Task statement:
Within the entries below, please retype exactly the lines starting with the line that has "Bei Katana Deutschland" and going on through the line that has "Previous research has", but not the pictures.

Given records:
= = = = = = =

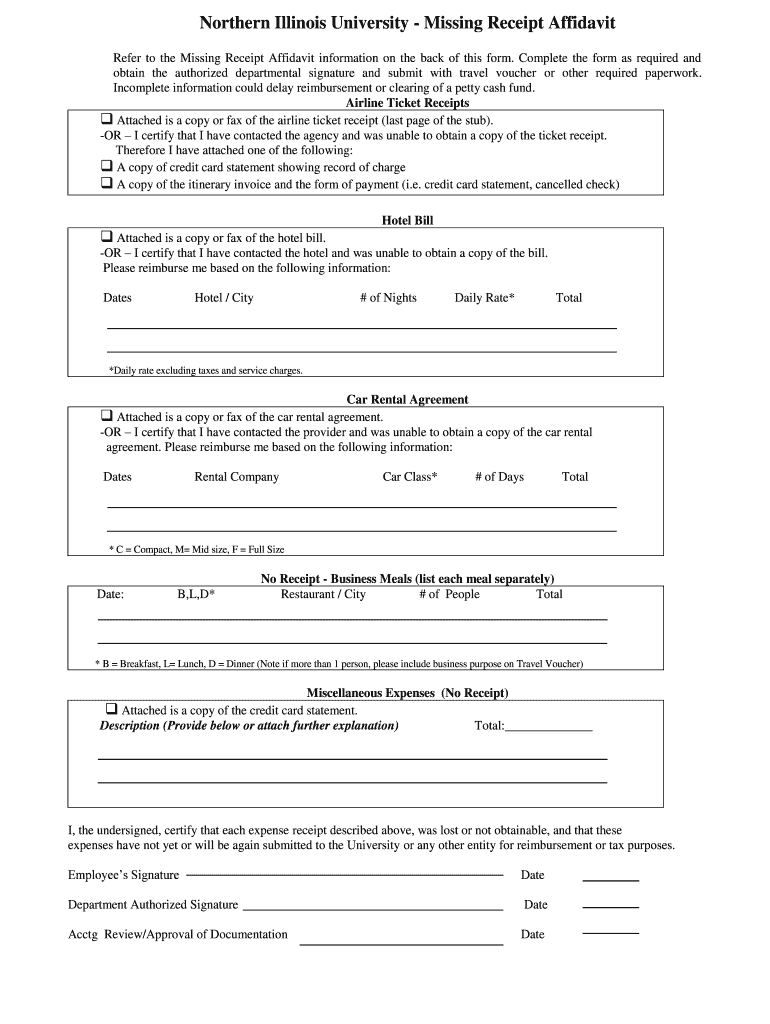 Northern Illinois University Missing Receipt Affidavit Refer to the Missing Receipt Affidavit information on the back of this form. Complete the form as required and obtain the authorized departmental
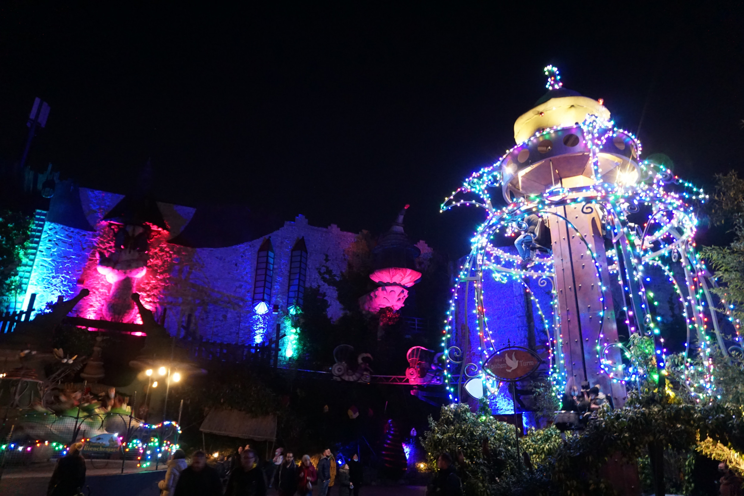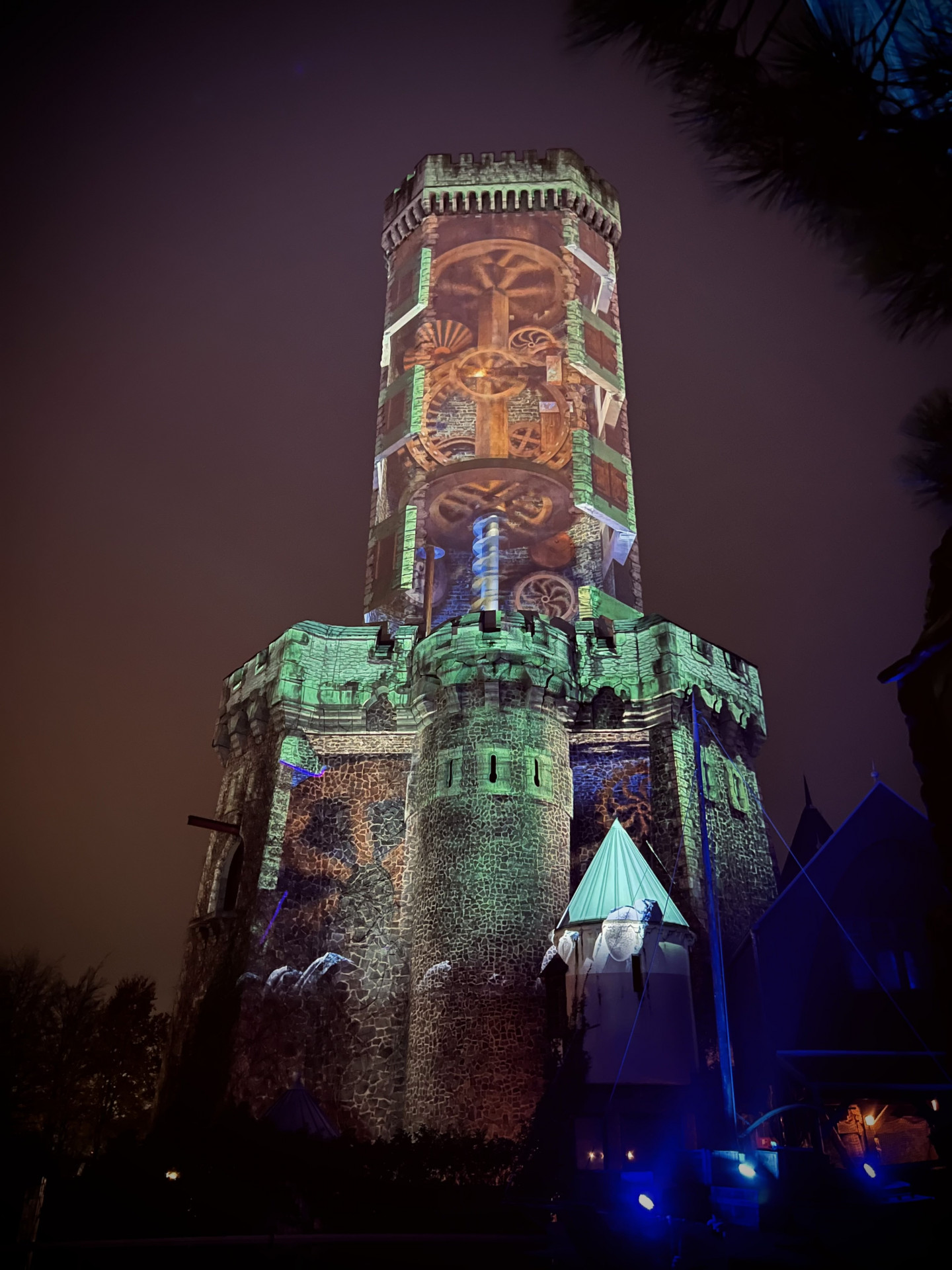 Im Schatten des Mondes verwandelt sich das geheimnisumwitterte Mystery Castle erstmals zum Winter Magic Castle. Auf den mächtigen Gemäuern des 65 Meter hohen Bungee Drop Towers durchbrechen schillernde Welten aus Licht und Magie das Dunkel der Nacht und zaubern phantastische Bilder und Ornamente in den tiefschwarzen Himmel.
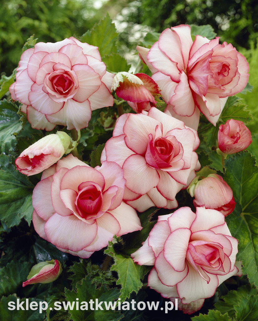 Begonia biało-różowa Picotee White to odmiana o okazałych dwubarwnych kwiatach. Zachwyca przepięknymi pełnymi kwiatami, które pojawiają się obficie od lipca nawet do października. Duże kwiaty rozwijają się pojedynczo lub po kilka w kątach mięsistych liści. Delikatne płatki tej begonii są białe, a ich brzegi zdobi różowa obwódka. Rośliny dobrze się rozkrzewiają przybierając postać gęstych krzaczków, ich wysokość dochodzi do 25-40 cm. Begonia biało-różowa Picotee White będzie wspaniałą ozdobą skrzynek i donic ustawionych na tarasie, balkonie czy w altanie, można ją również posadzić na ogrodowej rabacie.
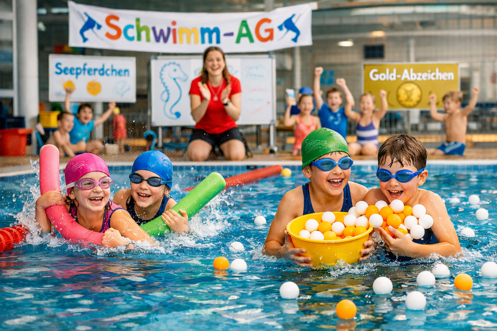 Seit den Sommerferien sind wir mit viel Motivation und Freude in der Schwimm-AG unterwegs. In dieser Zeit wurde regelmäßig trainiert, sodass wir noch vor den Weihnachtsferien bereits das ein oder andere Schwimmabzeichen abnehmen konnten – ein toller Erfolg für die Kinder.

= = = = = = =

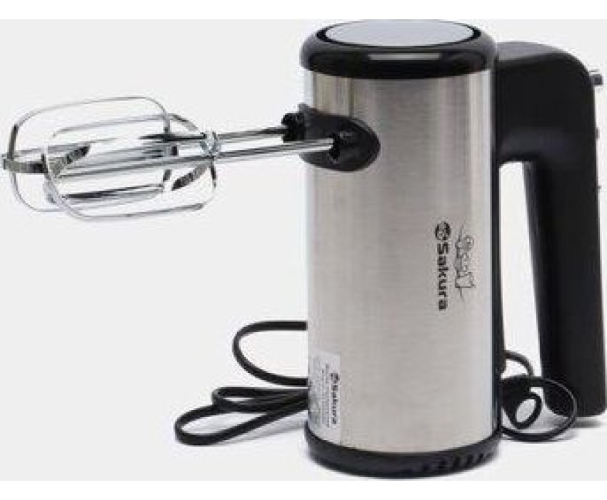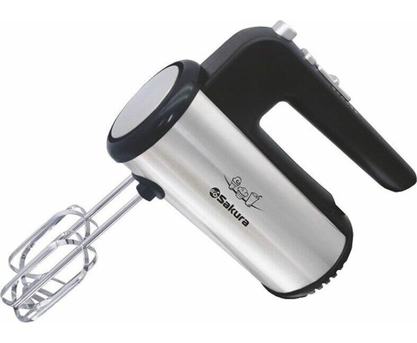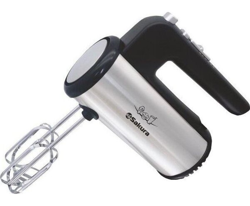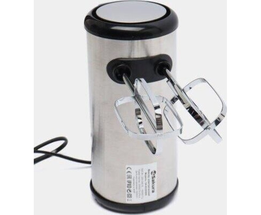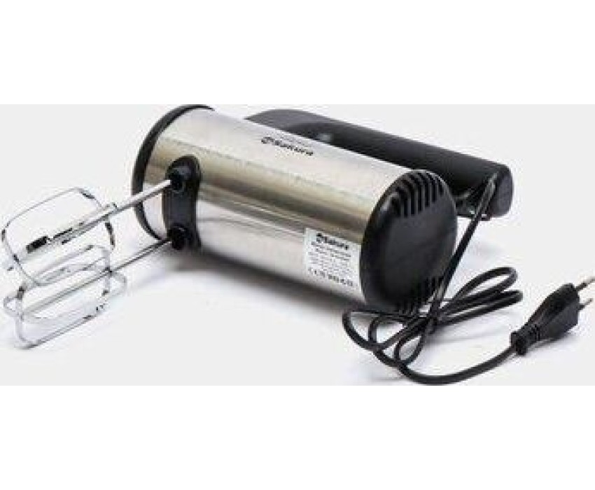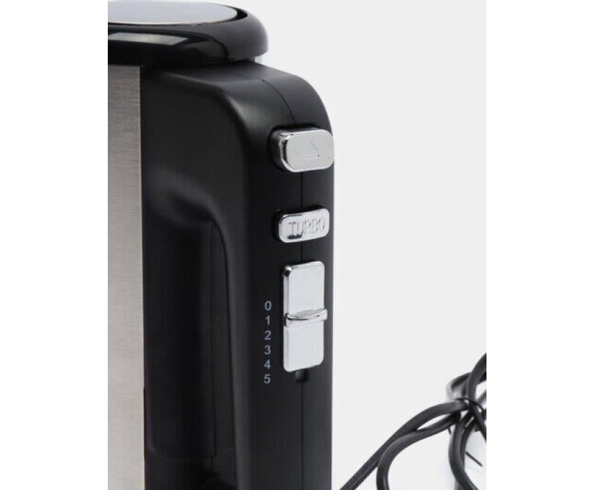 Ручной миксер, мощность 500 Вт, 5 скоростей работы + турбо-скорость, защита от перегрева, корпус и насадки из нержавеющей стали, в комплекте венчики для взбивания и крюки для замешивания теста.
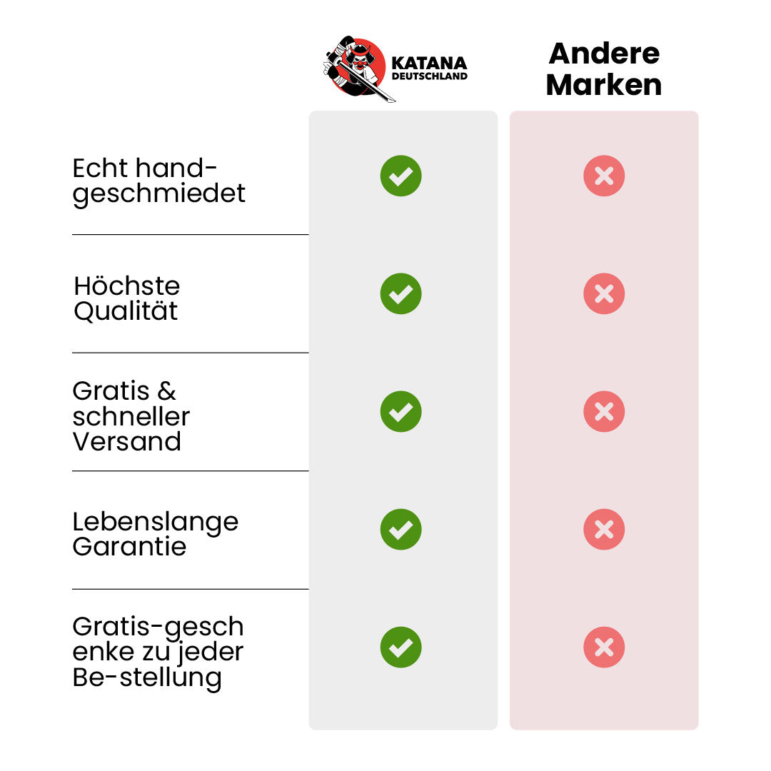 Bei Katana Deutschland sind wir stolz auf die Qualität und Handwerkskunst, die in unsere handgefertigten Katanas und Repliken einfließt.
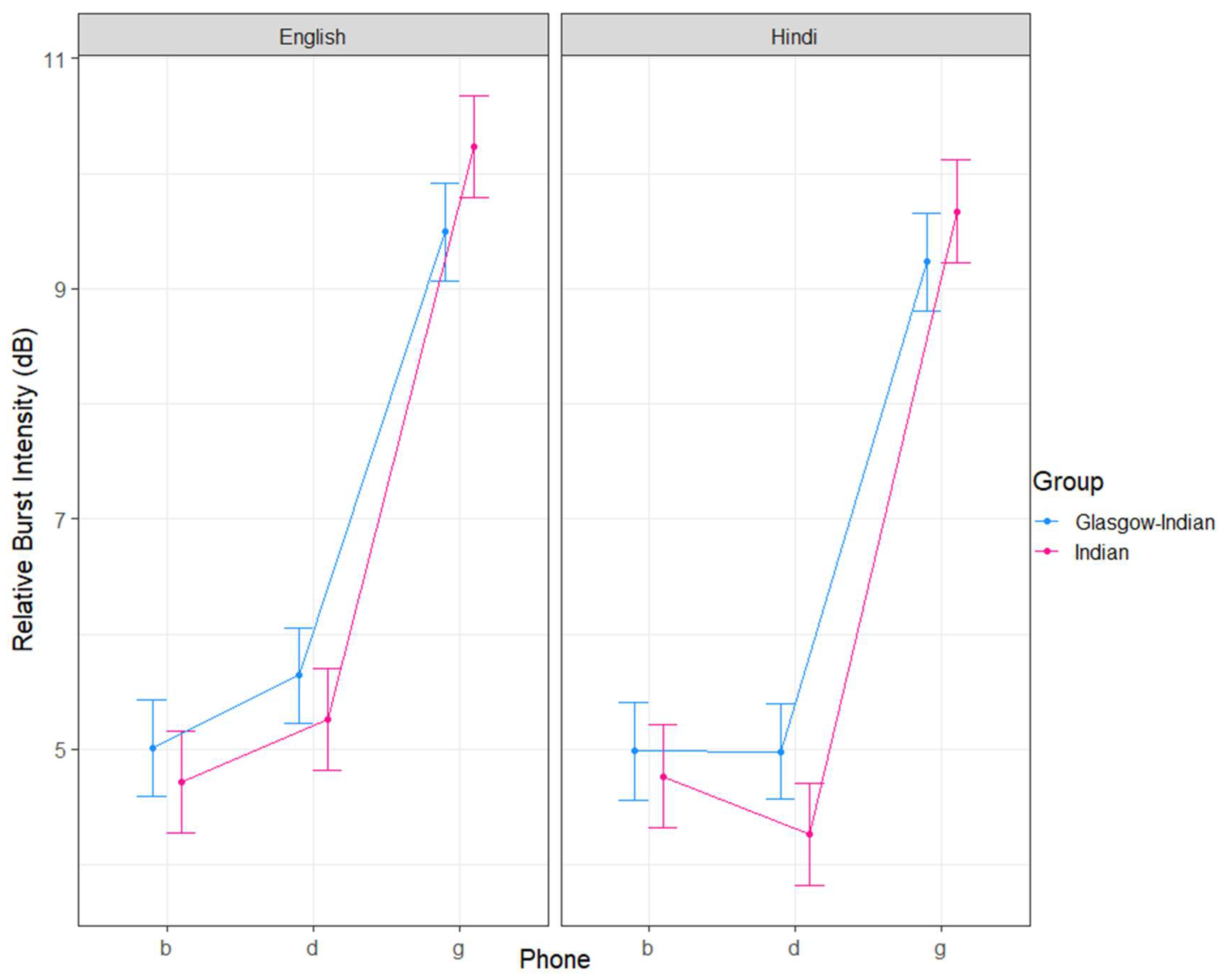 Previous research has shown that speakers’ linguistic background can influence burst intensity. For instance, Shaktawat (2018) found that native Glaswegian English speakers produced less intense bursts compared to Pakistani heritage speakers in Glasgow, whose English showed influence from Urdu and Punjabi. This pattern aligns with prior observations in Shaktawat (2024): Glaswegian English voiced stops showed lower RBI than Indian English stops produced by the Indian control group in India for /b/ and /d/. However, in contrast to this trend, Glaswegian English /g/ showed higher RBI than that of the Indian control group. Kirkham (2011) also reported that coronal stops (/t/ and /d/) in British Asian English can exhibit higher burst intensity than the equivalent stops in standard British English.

= = = = = = =

Answer for the task:
 Bei Katana Deutschland sind wir stolz auf die Qualität und Handwerkskunst, die in unsere handgefertigten Katanas und Repliken einfließt.
 Previous research has shown that speakers’ linguistic background can influence burst intensity. For instance, Shaktawat (2018) found that native Glaswegian English speakers produced less intense bursts compared to Pakistani heritage speakers in Glasgow, whose English showed influence from Urdu and Punjabi. This pattern aligns with prior observations in Shaktawat (2024): Glaswegian English voiced stops showed lower RBI than Indian English stops produced by the Indian control group in India for /b/ and /d/. However, in contrast to this trend, Glaswegian English /g/ showed higher RBI than that of the Indian control group. Kirkham (2011) also reported that coronal stops (/t/ and /d/) in British Asian English can exhibit higher burst intensity than the equivalent stops in standard British English.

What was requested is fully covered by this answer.